To eliminate stochastic effects during NN training, we trained each architecture 20 times till loss converged (3000 epochs for FDN-RNN, 1000 epochs for other architectures). Figure 8 depicts the training history of different architectures discussed in the previous sections. In Figure 5, FDN-OPT (black lines) claims the lowest training loss on average, as shown in (b). FDN-FULL/ADS (blue lines) and FDN-FULL/ANGLE (magenta lines) perform alike, as well as FDN-FULL. Loss curves of those 4 architectures are similar in Figure 8, which strengthen the argument that prediction performances are almost of the same order as shown in Table 5. Average loss of FDN-CNN is greater than those 4 architectures but obviously much better than FDN-RNN. The reason performance of FDN-CNN being close to FDN-FULL might be that input data was arranged in a form temporal information had been included (see Section 3.3).
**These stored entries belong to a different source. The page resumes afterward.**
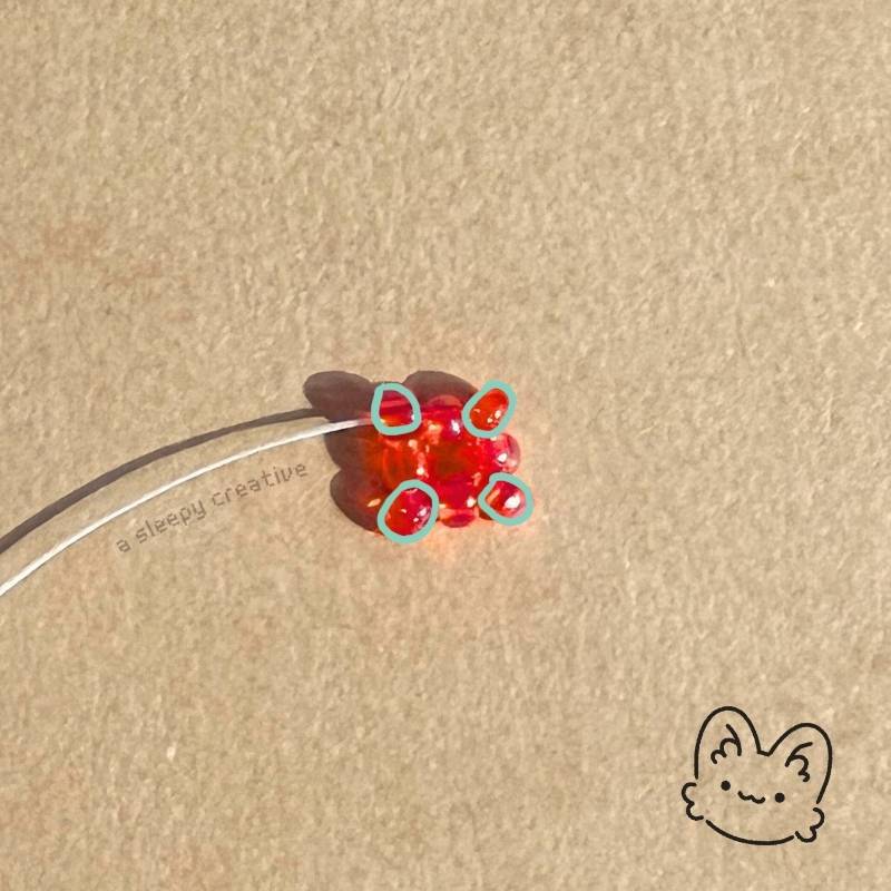 Note: it’s important to always end by passing through the first bead added in the round you’re working on.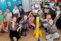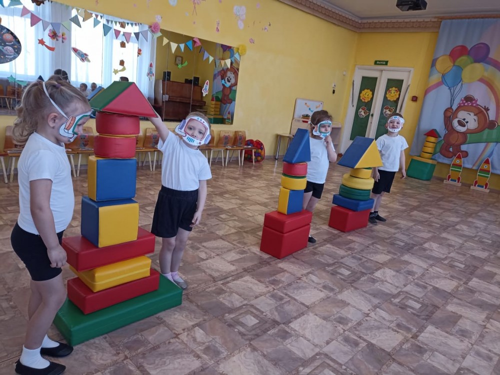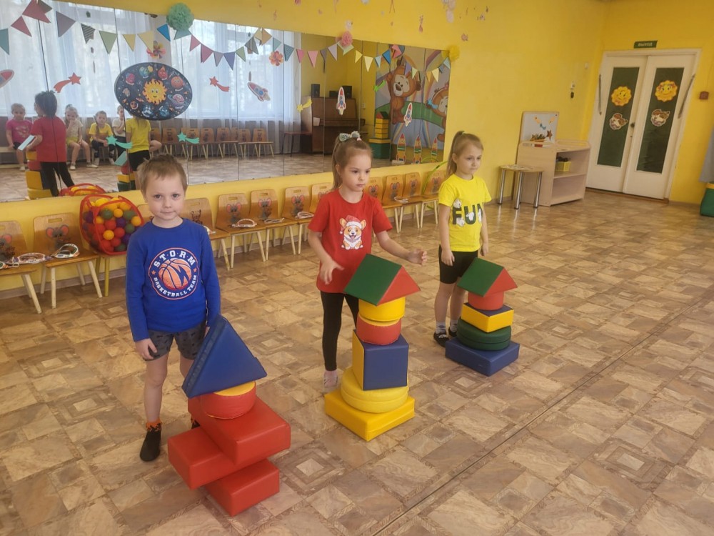 В группах "Солнышко" и "Непоседы" прошла тренировка "юных космонавтов" (инструктор по физической культуре Артемьева Елена Юрьевна). Выполняли упражнения с мягкими модулями, строили космические ракеты, собирали цветные "метеориты", отправлялись в полет.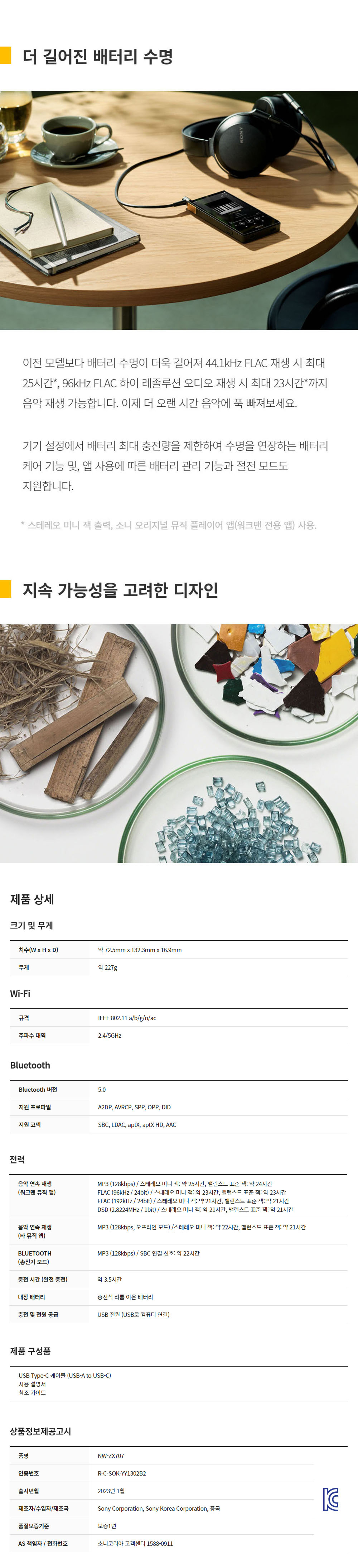 소니 NW-ZX707 블랙 (소니 코리아 정식 발매 제품)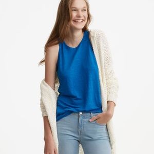 NWOT Lou & Grey from LOFT 100% linen tank top in size small. Top is a dark sky blue and has a burnout look to the fabric. Has split detail on the side and a seam up the center of the back.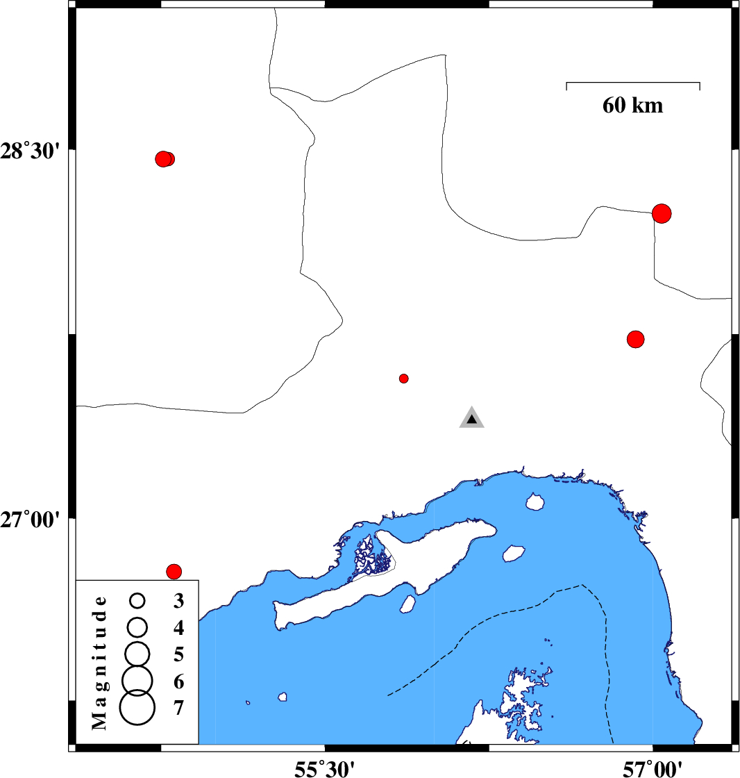 | 2012/06/03 | 16:52:59.7 | 21:22:59.7 | 26.78 | 54.81 | 31 | ML:3.1 | Hormozgan Province, 28 km North of Bandar-e lengeh | ||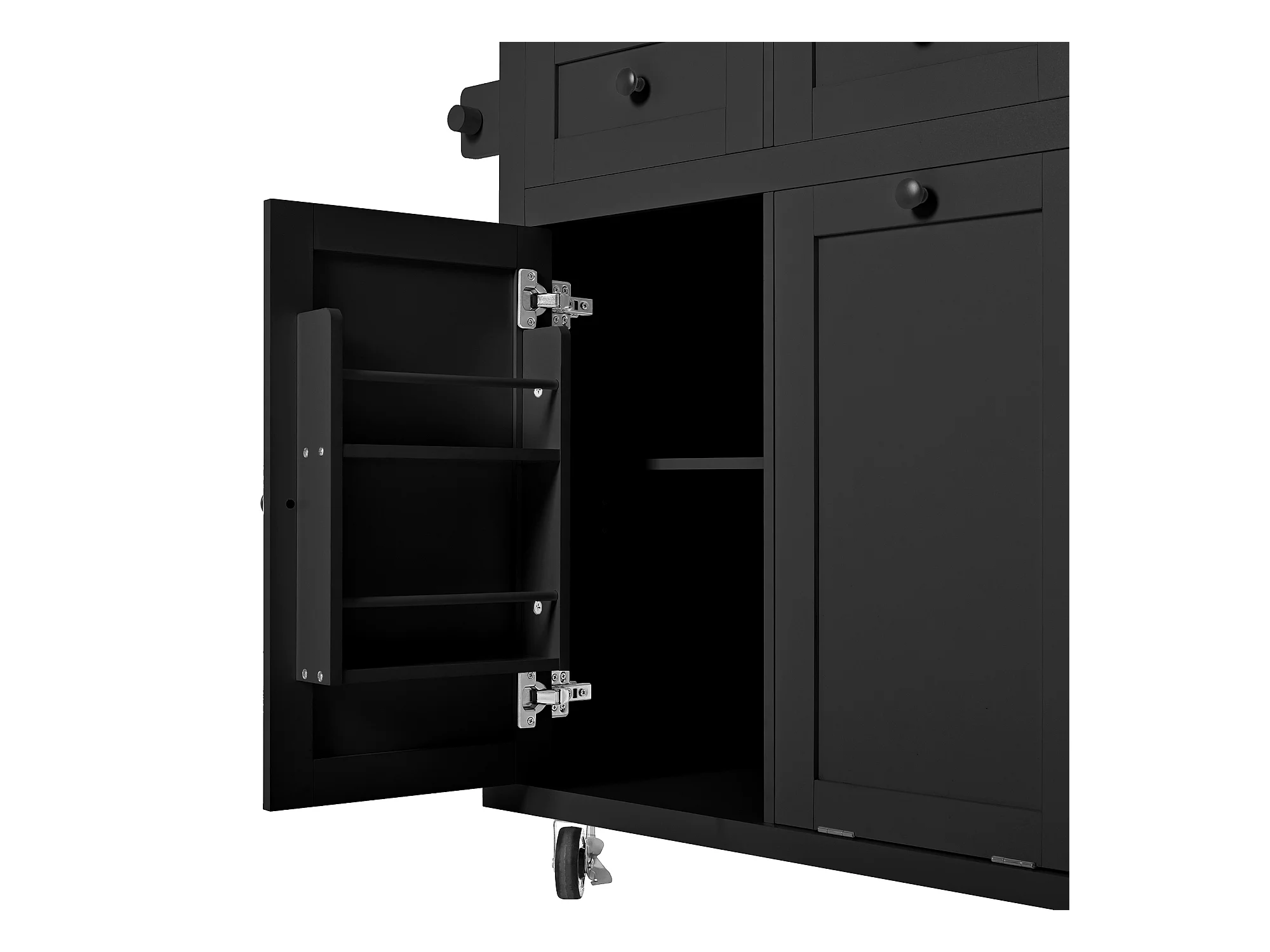 Desserte noir - Desserte avec 4 tiroirs et 2 portes - plateau rétractable et étagère à épices - pour salles à manger et cuisines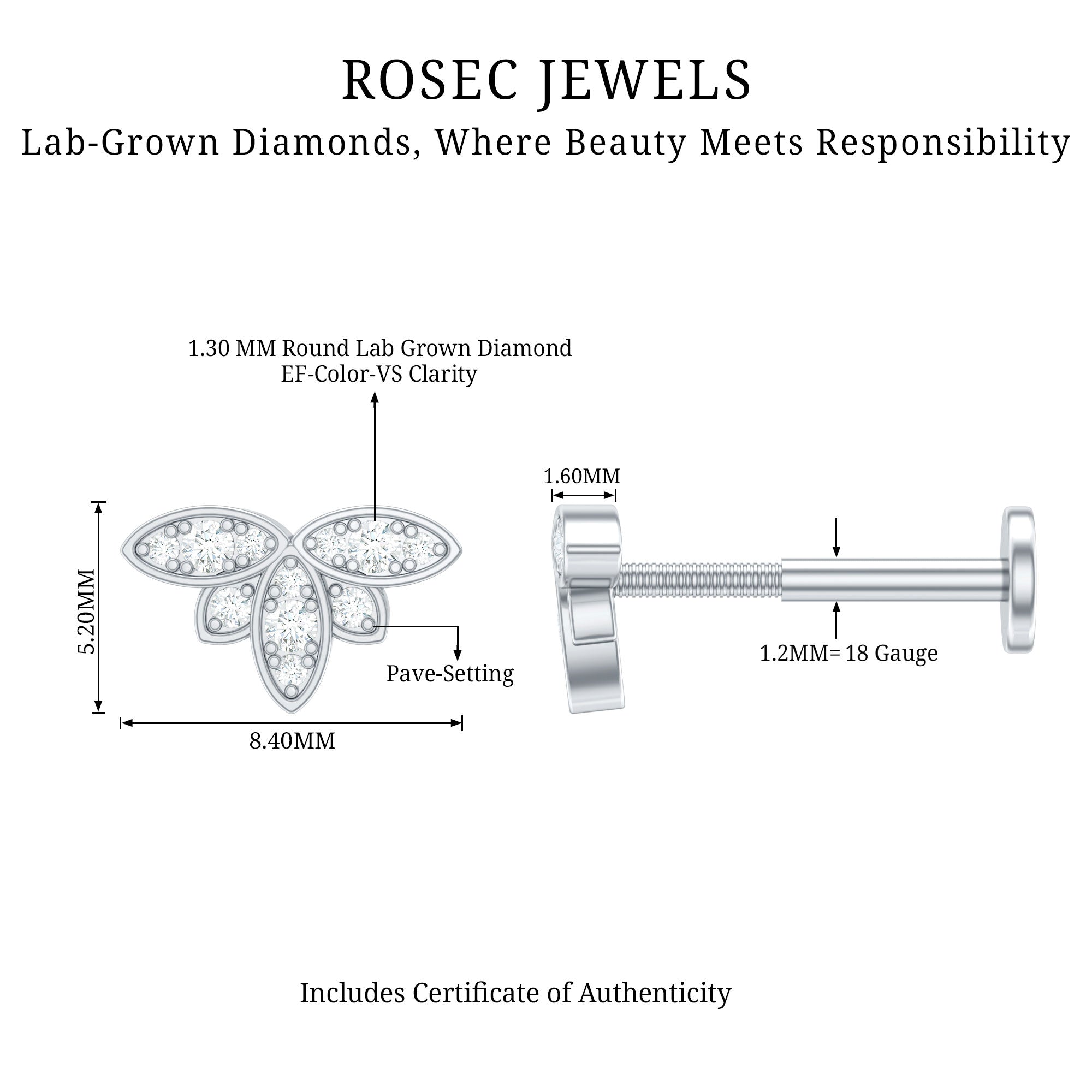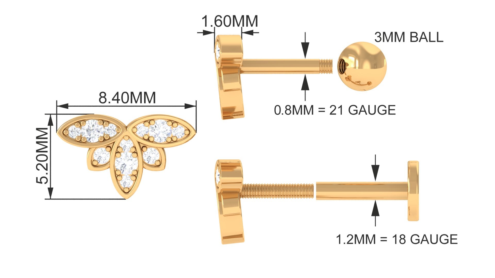 This charming and stunning Diamond Floral Earring is embellished with Round Shape Diamonds studded on a floral design. Whether you wear this Diamond Earring alone or stack it up with your other ear piercing jewelry, this earring is gonna shine forever.You can style this Diamond Flower Earring in your Helix, Cartilage, or Upper Lobe Piercing. Worried about falling off? Fret Not, the Flat Back Closure will keep it all intact with your piercing. No need to take it off, even while sleeping. If you want to add an instant touch of glamour to your ear stack, go with this Floral Earring.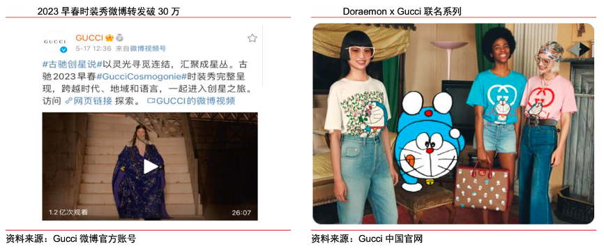 經典案例:根據Gucci微博官方帳號、Gucci中國官網、中信證券研究部等綜合資訊表明,除產品設計年輕化外,Gucci在中國市場,品牌所有營銷大事件都配合微博進行話題流量投放, 2023 早春時裝秀獲多位一線明星轉發,累計播放量超 1.2 億次,轉發量超 30 萬。另一方面品牌積極推進與年輕一代中流行的品牌和 IP 進行聯名活動,包括與巴黎世家、哆啦 A 夢和 Adidas 合作推出聯名產品,其中哆啦 A 夢聯名款在 TikTok 平臺上點贊超過 30 萬,進一步擴大在年輕客群的品牌影響力。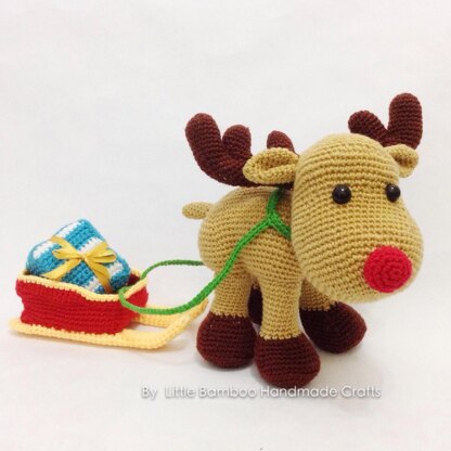 This is a DOWNLOADABLE PATTERN. Written in English using US terminology. This reindeer is sweet and charming. He is on his way to deliver present to a special child.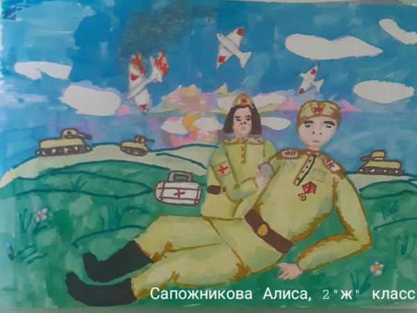 Рисунки выполненные к Дню Победы учащимися по кружку рисования " Палитра". Учитель Скорикова М.П.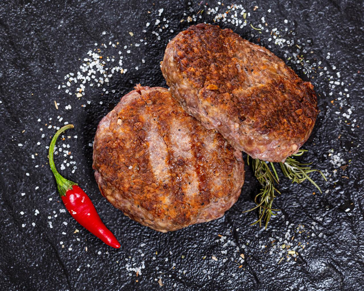 Wallpaper Two cutlets on a black surface with red pepper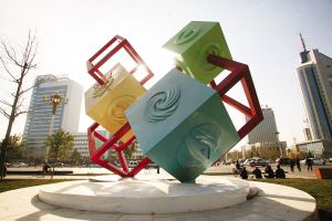 《虛實相生》地點:裕華路與建華大街交叉口。寓意結構、排序、實體、虛空,相生相克,互惠互中,平心靜氣,萬物興隆。
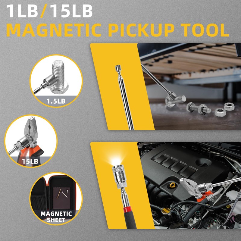 - Widely Application And Repair Helper:These 5pc magnetic pickup tool kit could be used for finding metal nuts, bolts, screws, and other metal pieces; Easily grab nails, pieces, and debri behind HVAC appliances, cabinets, automobile parts, work benches, etc. They are a good helper for home repairs. Make you refuse to bend over to pick up things. Whether he's a seasoned DIY enthusiast or just loves tinkering, this kit is a game-changer.

Loss of FDN-RNN decreases much slower than any other architectures as is expected, as its prediction performance is worst in Table 5.

(a)

(b)
Both Figure 8 and Table 5 show that FDN-OPT is the most size-performance balanced one among all studied in this work; we adopt this architecture for IMU for detection task. Architecture of the optimized FDN-OPT is depicted in Figure 9.

5. Conclusion
A CNN-LSTM-fusion fault detection network (FDN) is proposed for aircraft IMU fault detection. Flight data measured by Inertial Measurement Unit (IMU) including angular speed (AS) and acceleration (ACC) are used as inputs to the FDN and fault cases as output. We simulated different aircrafts with various flight conditions to guarantee data diversity, and testing sets were data extracted from flight data that was not adopted in the training process. Testing results were satisfying for 3 different aircrafts (trained and validated with large cargo Y and general aviation D, tested with large passenger B) simulated in different flight conditions (low-altitude LTO, high-altitude AP cruise, and low-altitude manual free flight), which means the FDN developed in this paper is robust to flight conditions and potentially scalable for different types of aircrafts.
Data Availability
The data used to support the findings of this study are available from the corresponding author upon request.
Conflicts of Interest
The authors declare that they have no conflicts of interest.